-- MATERIAL TO PROCESS follows --
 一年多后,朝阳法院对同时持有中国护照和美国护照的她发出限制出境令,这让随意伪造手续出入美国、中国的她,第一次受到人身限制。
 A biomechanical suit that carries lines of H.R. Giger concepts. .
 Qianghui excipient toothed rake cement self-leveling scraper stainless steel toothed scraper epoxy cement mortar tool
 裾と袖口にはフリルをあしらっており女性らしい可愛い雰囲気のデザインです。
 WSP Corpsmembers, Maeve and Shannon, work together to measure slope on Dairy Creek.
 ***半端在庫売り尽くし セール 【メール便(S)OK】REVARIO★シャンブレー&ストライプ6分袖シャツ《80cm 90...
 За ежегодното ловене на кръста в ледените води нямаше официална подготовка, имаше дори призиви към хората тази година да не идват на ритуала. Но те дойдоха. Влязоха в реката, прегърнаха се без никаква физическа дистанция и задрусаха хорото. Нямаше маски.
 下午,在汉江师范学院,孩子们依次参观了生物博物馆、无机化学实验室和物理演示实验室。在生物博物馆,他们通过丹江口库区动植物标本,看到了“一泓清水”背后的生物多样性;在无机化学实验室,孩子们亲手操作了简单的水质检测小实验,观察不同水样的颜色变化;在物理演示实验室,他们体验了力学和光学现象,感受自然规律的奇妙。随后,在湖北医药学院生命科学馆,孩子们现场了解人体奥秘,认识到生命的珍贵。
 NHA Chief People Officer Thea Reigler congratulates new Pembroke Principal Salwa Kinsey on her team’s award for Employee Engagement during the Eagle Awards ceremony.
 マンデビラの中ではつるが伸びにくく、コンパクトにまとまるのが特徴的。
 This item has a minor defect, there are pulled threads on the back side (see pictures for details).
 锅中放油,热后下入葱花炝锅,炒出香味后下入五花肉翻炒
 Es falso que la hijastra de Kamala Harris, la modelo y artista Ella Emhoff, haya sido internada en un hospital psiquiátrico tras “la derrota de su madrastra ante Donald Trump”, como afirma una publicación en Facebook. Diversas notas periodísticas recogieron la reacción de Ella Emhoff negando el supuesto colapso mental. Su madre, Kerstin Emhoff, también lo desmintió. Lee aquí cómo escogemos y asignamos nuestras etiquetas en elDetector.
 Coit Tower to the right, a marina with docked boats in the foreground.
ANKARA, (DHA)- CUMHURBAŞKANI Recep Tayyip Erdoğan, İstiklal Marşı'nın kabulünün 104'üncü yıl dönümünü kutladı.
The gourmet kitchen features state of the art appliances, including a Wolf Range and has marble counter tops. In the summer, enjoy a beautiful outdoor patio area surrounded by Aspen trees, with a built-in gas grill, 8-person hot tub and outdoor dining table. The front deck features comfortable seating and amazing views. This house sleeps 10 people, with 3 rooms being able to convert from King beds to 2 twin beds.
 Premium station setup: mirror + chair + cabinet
-- MATERIAL TO PROCESS concluded --
### [PROBLEM TO WORK ON]
Please write out exactly the lines from the start of the data through the line that contains "下午,在汉江师范学院,孩子们", both ends included, and nothing else.

### [RESPONSE TO THE TASK]
 一年多后,朝阳法院对同时持有中国护照和美国护照的她发出限制出境令,这让随意伪造手续出入美国、中国的她,第一次受到人身限制。
 A biomechanical suit that carries lines of H.R. Giger concepts. .
 Qianghui excipient toothed rake cement self-leveling scraper stainless steel toothed scraper epoxy cement mortar tool
 裾と袖口にはフリルをあしらっており女性らしい可愛い雰囲気のデザインです。
 WSP Corpsmembers, Maeve and Shannon, work together to measure slope on Dairy Creek.
 ***半端在庫売り尽くし セール 【メール便(S)OK】REVARIO★シャンブレー&ストライプ6分袖シャツ《80cm 90...
 За ежегодното ловене на кръста в ледените води нямаше официална подготовка, имаше дори призиви към хората тази година да не идват на ритуала. Но те дойдоха. Влязоха в реката, прегърнаха се без никаква физическа дистанция и задрусаха хорото. Нямаше маски.
 下午,在汉江师范学院,孩子们依次参观了生物博物馆、无机化学实验室和物理演示实验室。在生物博物馆,他们通过丹江口库区动植物标本,看到了“一泓清水”背后的生物多样性;在无机化学实验室,孩子们亲手操作了简单的水质检测小实验,观察不同水样的颜色变化;在物理演示实验室,他们体验了力学和光学现象,感受自然规律的奇妙。随后,在湖北医药学院生命科学馆,孩子们现场了解人体奥秘,认识到生命的珍贵。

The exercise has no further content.